Task: Reproduce the listing exactly. Omit pictures.

[Input data — start]

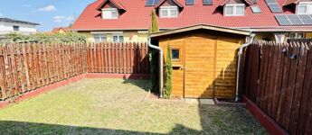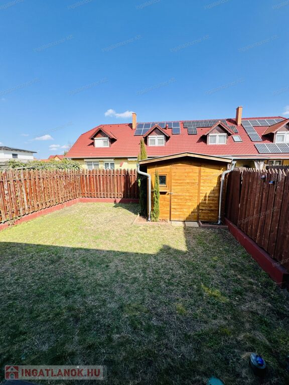 A kertben automata öntözőrendszer van kiépítve a fúrt kútról, továbbá egy fa külső tároló található még az udvaron.
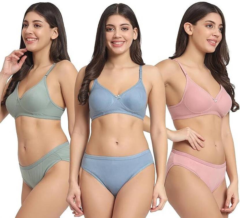 romantic bra panty, Lingerie set is a must-have for your everyday lingerie drawer. Crafted from the soft Cotton blend fabric ensures comfort fit and freedom of movement all day long For the woman who appreciates attractive styling but doesn't compromise on ease of wear, fit and hygiene. Fresh vibrant lively colors and romantic design is meant for everyday wear. Its light elastic doesn't leave marks on your skin. This is made of breathable, light fabric to provide best comfort and fit., 100% Imported fabric to give you rich look that you deserve , Honeymoon, beach Wear Bra Panty set, swimwear bra panty set. Pack of 3 Bras and 3 Panties
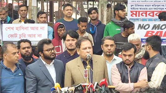 ৭ই জানুয়ারি ভোট নয়, ফ্যাসিবাদের পতন দিবস বলে ক্ষমতাসীনদের প্রতি হুঁশিয়ারি উচ্চারণ করেছেন গণঅধিকার পরিষদের আহ্বায়ক ড. রেজা কিবরিয়া। গতকাল শনিবার সকালে জাতীয় প্রেসক্লাবের সামনে গণঅধিকার পরিষদ একাংশের উদ্যোগে ‘আগামী ৭ই জানুয়ারি ভোট বর্জনের দাবিতে’ এক বিক্ষোভ সমাবেশে এ হুঁশিয়ারি উচ্চারণ করেন তিনি। বিক্ষোভ সমাবেশ শেষে পল্টন এলাকায় ভোট বর্জনের দাবিতে লিফলেট বিতরণ করেন গণঅধিকার পরিষদের নেতাকর্মীরা।

[Input data — finish]

Solution:
 A kertben automata öntözőrendszer van kiépítve a fúrt kútról, továbbá egy fa külső tároló található még az udvaron.
 romantic bra panty, Lingerie set is a must-have for your everyday lingerie drawer. Crafted from the soft Cotton blend fabric ensures comfort fit and freedom of movement all day long For the woman who appreciates attractive styling but doesn't compromise on ease of wear, fit and hygiene. Fresh vibrant lively colors and romantic design is meant for everyday wear. Its light elastic doesn't leave marks on your skin. This is made of breathable, light fabric to provide best comfort and fit., 100% Imported fabric to give you rich look that you deserve , Honeymoon, beach Wear Bra Panty set, swimwear bra panty set. Pack of 3 Bras and 3 Panties
 ৭ই জানুয়ারি ভোট নয়, ফ্যাসিবাদের পতন দিবস বলে ক্ষমতাসীনদের প্রতি হুঁশিয়ারি উচ্চারণ করেছেন গণঅধিকার পরিষদের আহ্বায়ক ড. রেজা কিবরিয়া। গতকাল শনিবার সকালে জাতীয় প্রেসক্লাবের সামনে গণঅধিকার পরিষদ একাংশের উদ্যোগে ‘আগামী ৭ই জানুয়ারি ভোট বর্জনের দাবিতে’ এক বিক্ষোভ সমাবেশে এ হুঁশিয়ারি উচ্চারণ করেন তিনি। বিক্ষোভ সমাবেশ শেষে পল্টন এলাকায় ভোট বর্জনের দাবিতে লিফলেট বিতরণ করেন গণঅধিকার পরিষদের নেতাকর্মীরা।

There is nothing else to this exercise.